I had been selfish and self-involved. I was a rotten mother. I was a rotten person. Such thinking made me squeamish with self-hatred and I tried to find ways to comfort myself. I had always been affectionate with them, physically and otherwise; I had always listened to them. I had answered their questions. Wasn't that worth something? I hadn't sighed, or turned away from them; I hadn't treated them as troublesome burdens. That was good, wasn't it?

From the looks of them just then, it didn't seem so.

I couldn't even really fall back on blaming Brad, because my mother had managed all of what she'd done without much help from my father. But at least he had been willing to spend his weekends driving children to Floyd Bennett Field, or to the slums, or the beach. Brad had always worked weekends, and had been unwilling to go much of anyplace en famille except to his parents or mine.
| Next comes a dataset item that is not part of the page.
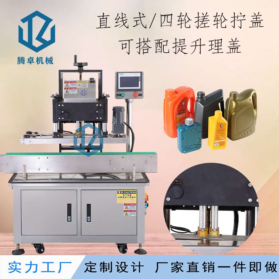 本機(jī)主要適用于螺絲紋平頭塑料蓋旋蓋擰緊,例:潤(rùn)滑油桶、礦泉水瓶、藥瓶、日化用品、飲料瓶等。調(diào)節(jié)簡(jiǎn)單,使用方便??杉嫒荻喾N瓶子蓋子。

It stared at me, my failure of them. And now what was I to do? The money Brad sent was barely enough to keep us alive. I wasn't even sure I'd be able to keep the car, because I had nothing set aside for the insurance which would come due next year, and no way of setting anything aside. Even if I now had the imagination to come up with some project that would cheer up my miserable children, I couldn't afford to realize it. Nor did I see much point in appealing to Brad. He didn't have time for them what with his new wife and selling the house and buying another, one with Greek pillars and a pretentious front lawn (never used) and no yard, in Garden City this time. He took the children out for dinner once a week, to a place where they could get hamburgers and french fries, and they always returned from seeing him more irritable and taciturn than usual.

I had to do something. Having had no luck talking to them separately, I would talk to them together. Maybe being together would give them the courage to speak. I waited until Sunday morning, after making them a nice breakfast of waffles (which they barely touched. Why hadn't I got them the kind you make in the toaster, as I usually did, they wanted to know). It was raining out, a coolish day in early October, the leaves just beginning to turn. And now being driven from the trees by wind and rain, so we would not even have the little beauty that resides in that part of the year. I poured myself another cup of coffee.

“You know, kids, you've both been awfully grouchy and unhappy since we moved. Since Daddy and I got divorced. Would you tell me what's bothering you?”

Silence. Hostile stares.

“Do you miss the old house? Your friends?”

“No, of course not,” Billy drawled sarcastically. “It's fun to have to make all new friends in the third grade. And have a room without any closet and hardly any room for my toys.”

“I hate my room!” Arden announced.

“I'm really sorry,” I said sincerely. “Sorry you don't like your rooms, and sorry you have to start in a strange school. But you know you will make new friends. It's hard, but you will.”

“I won't!” Billy exclaimed. “I hate all those kids.”

“They're stupid!” Arden agreed.

“They're not all stupid,” I said calmly.

“Yes, they are,” Arden said authoritatively. “The kids in Rockville Centre are smarter because there are more Jews.”

“Where did you hear that?”

She shrugged. “Everybody says so.”

I knew “everybody” probably had a name like Joan or Eileen, but I didn't probe. “There are some Jews here, too,” I suggested. “What about the Lench children? Aren't they Jewish?”